Schematic drawing of the noncontact optical fluorescence tomography system.

024003_1_028902jbo1.jpg

The lens L6 is placed on a motorized translation stage, TS (Micos, PLS-85), to control the focus of the orange beam at a given point on the interface. The diffused light reflected from the surface forms an emission point source, whose light follows the reverse path to reach the sensor, a photomultiplier tube, PMT (Electron Tubes, 9129B). In front of the sensor aperture, the lens L8 conjugates—at the translation stage in-focus position—a 200-μm -diam pinhole, P2 , with the surface. A filter, F (Chroma, HQ580/60m), is placed before the sensor with a passband of between 545nm and 615nm , which completely blocks the green laser. Taking into account the magnification of the optical system, P2 scales to 170μm diameter on the surface.

2.2.

Acquisition Procedure

The voltage generated by the PMT was acquired using a high-speed (100Mss) 8-bit resolution digitizer board (National Instruments, NI5112), and the control software was written in LabView, splitting the operation into two phases. First, two voltages are applied to the mirrors ( GS1 and GS2 ) according to a specific transversal point with coordinates (y,z) ; then, a transistor-transistor logic (TTL) signal is sent to open the shutter, S , and a relatively high voltage is sent to the mirror GS1 thus deviating the excitation beam out of the path. In this state, the surface becomes illuminated only with light from the laser Lem , and there is no fluorescence emission. In this configuration, the translation stage moves to find the displacement that maximizes the sensor signal. This position, which is directly related to a particular surface depth ( x coordinate), brings the pinhole P2 into focus with the surface by placing a virtual detector at the vector position ri=(x,y,z) on the surface. In the second phase, the translation stage is maintained in the previously found position, the shutter S closes, and registration of the fluorescence signal from the PMT begins for the different voltages applied on the mirrors GS1 and GS2 associated to the excitation source vector rk . This provides the data set, J(ri,rk) , which is suitable for tomographic reconstruction.3 Unlike in the acquisition subsystem, where the maximum allowed apertures are used to obtain information on maximum wave vector diversity, it is assumed that the beam diameter of the excitation laser is small enough to be always in focus on the surface, the x coordinate obtained in the first phase serving to completely specify the rk vector.
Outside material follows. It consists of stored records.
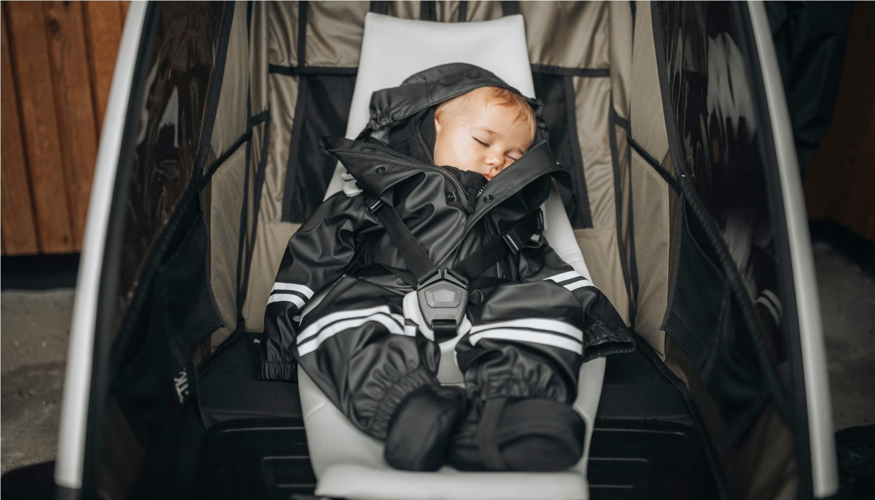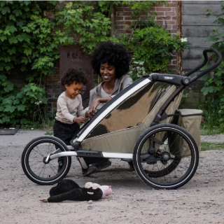Atunci când plimbați copilul cu căruciorul, puneți Thule Chariot Carrier în poziția de șezut înclinată și combinați-l cu Thule Baby Supporter sau Thule Infant Sling pentru a începe plimbarea cu copilul.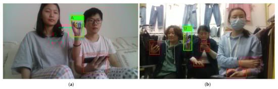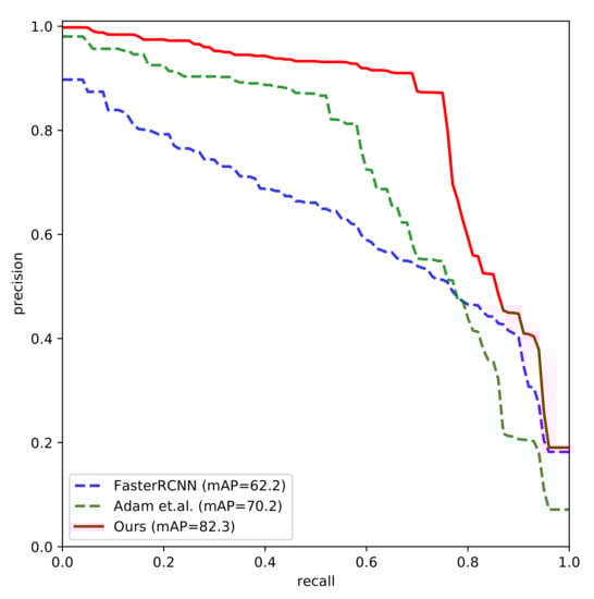 where N denotes the number of classes, i denotes the class index, and denotes the AP of class i. In this study, , that is, 24 ASL hand gestures and background hand. The following methods are compared: (1) FasterRCNN [51], one of the most widely used object detection baselines in the computer vision community; (2) Adam et al. [4]; (3) Ours, the proposed approach.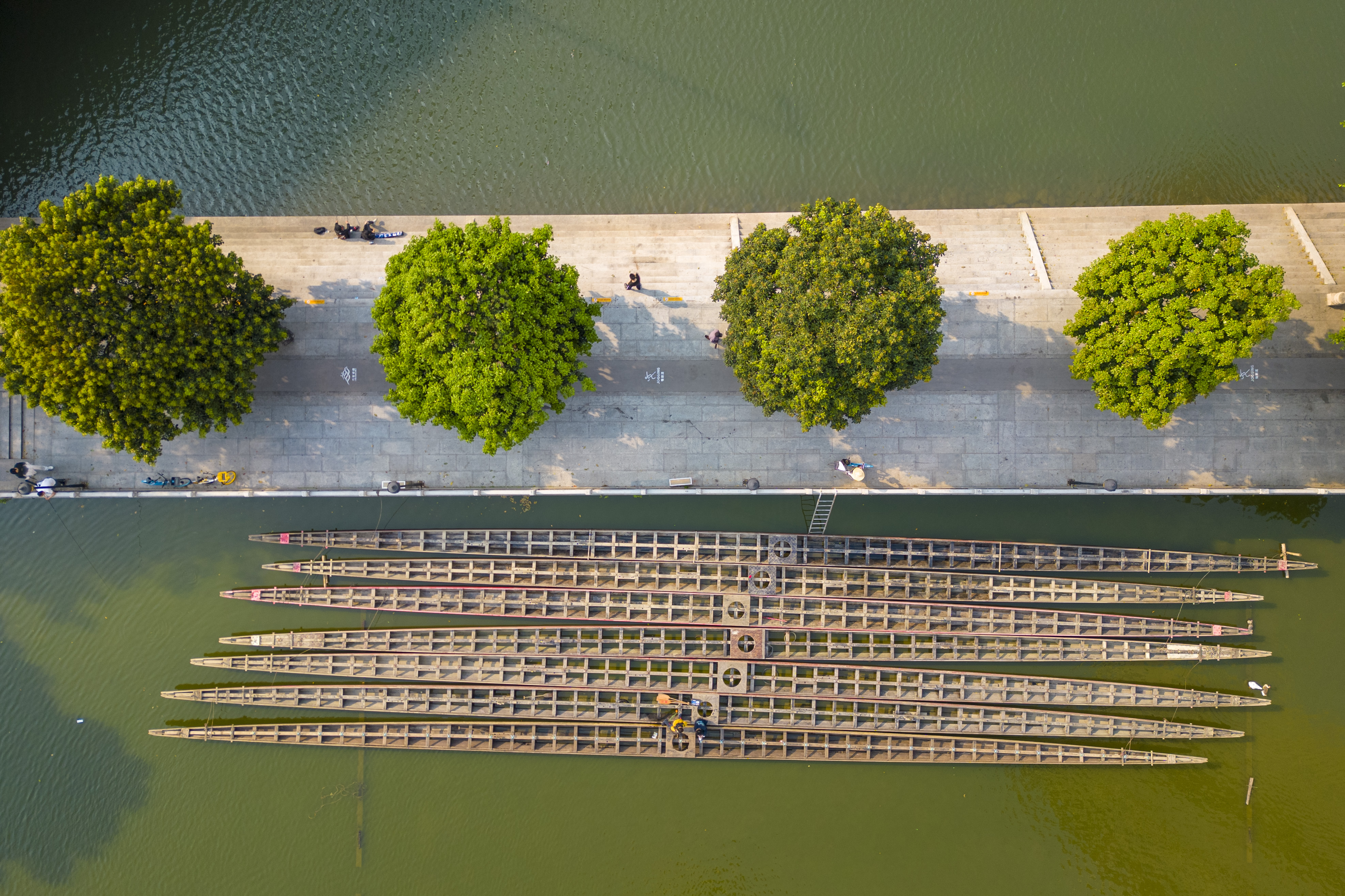 ▲猎德涌上,静待参加端午竞渡的龙舟。

Although the previous procedure is suitable for obtaining a complete data set, the following results are obtained for dense registration using a small number of excitation positions. For this purpose, the software allows the process to be reversed: with S open, a high voltage is applied to GS1 to prevent fluorochrome excitation, and the voltages associated to the ri detector position are sent to the mirrors GS1 and GS2 , initiating the focus search. Once concluded, two voltages are sent to the mirrors GS1 and GS2 to generate an excitation source at rk , and the intensity of the fluorescent light is measured.

2.3.

Calibration

To test the system’s performance in terms of field of view, resolution, and range of focus that can be controlled, conventional intensity images of a chart were registered. For this, a flat squared regular mesh, obtained by printing black lines on white paper with 0.5-mm pitch, was used and, to obtain images of the reflected light, a yellow LED was used to illuminate the target. Part of the LED spectrum was able to pass through the dichroic mirror and the filter, and so no modification of the optical system was needed, apart from including in the control the capability of switching the LED on and off when the shutter S is closed or opened. Given that the surface is flat, to speed the process, a low-resolution image of 20×20 points was first acquired and the surface information obtained was used to drive the translation stage for finer acquisitions.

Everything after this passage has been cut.